> [Assigned task]
Below are the entries; give again exactly the lines from the one mentioning "Re: Turffontein, Saturday" through the one mentioning "注:考慮到各城市土地成交規(guī)模變", inclusive.

> [Input data]
>>>>

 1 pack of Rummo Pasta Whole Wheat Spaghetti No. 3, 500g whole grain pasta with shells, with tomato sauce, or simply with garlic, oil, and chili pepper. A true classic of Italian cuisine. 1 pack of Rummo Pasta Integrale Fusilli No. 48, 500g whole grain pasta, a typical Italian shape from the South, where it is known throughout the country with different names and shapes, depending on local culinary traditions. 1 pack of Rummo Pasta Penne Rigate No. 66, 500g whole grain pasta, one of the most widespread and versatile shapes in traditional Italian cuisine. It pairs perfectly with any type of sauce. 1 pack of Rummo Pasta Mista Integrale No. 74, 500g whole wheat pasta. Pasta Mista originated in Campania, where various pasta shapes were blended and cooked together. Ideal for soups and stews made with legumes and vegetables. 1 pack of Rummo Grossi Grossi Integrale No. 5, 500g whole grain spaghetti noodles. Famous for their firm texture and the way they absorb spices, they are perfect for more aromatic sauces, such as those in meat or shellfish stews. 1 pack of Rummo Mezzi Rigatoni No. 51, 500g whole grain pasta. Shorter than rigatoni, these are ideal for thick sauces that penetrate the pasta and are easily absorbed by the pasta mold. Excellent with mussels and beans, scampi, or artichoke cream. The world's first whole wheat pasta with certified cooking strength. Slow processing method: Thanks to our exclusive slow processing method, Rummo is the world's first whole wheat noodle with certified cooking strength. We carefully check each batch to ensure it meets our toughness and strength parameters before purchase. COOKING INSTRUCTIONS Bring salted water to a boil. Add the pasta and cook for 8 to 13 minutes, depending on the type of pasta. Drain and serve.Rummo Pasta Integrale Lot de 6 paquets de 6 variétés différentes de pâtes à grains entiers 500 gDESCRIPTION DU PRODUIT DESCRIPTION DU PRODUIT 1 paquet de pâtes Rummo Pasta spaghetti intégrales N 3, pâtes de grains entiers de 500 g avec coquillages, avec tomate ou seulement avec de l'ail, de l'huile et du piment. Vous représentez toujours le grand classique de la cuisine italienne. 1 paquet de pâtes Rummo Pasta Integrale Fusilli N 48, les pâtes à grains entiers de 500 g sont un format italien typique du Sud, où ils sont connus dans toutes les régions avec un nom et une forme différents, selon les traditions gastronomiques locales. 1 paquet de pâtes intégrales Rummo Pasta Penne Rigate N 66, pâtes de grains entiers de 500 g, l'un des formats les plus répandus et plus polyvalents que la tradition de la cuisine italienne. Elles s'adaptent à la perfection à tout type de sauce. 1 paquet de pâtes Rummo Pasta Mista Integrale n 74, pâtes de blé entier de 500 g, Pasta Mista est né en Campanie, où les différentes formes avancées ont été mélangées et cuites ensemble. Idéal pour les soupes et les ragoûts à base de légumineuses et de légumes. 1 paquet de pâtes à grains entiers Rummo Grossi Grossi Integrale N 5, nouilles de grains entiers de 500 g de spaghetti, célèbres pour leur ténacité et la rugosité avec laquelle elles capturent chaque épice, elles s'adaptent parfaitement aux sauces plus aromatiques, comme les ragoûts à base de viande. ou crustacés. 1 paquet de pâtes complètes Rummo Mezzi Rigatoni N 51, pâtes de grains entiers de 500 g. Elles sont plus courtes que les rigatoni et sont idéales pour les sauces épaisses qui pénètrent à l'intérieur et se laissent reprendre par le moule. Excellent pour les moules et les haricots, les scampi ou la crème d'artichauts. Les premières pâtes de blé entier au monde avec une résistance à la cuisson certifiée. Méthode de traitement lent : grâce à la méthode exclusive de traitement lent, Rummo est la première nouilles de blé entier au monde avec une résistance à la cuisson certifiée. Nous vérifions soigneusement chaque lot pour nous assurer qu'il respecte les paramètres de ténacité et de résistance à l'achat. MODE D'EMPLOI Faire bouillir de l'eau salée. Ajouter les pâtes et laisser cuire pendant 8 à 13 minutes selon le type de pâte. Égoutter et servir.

<<<<
>>>>

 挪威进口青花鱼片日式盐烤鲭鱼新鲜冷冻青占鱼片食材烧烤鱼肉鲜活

<<<<
>>>>

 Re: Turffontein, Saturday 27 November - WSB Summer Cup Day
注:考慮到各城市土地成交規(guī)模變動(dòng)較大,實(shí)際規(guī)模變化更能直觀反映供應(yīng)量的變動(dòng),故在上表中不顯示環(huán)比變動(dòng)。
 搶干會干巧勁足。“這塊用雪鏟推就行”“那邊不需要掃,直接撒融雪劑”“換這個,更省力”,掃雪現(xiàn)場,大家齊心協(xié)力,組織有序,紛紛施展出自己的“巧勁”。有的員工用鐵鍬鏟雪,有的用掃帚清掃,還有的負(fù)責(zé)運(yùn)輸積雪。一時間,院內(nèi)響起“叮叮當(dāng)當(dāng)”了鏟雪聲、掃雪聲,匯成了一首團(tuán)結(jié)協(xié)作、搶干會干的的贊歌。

<<<<

> [Answer section]
 Re: Turffontein, Saturday 27 November - WSB Summer Cup Day
注:考慮到各城市土地成交規(guī)模變動(dòng)較大,實(shí)際規(guī)模變化更能直觀反映供應(yīng)量的變動(dòng),故在上表中不顯示環(huán)比變動(dòng)。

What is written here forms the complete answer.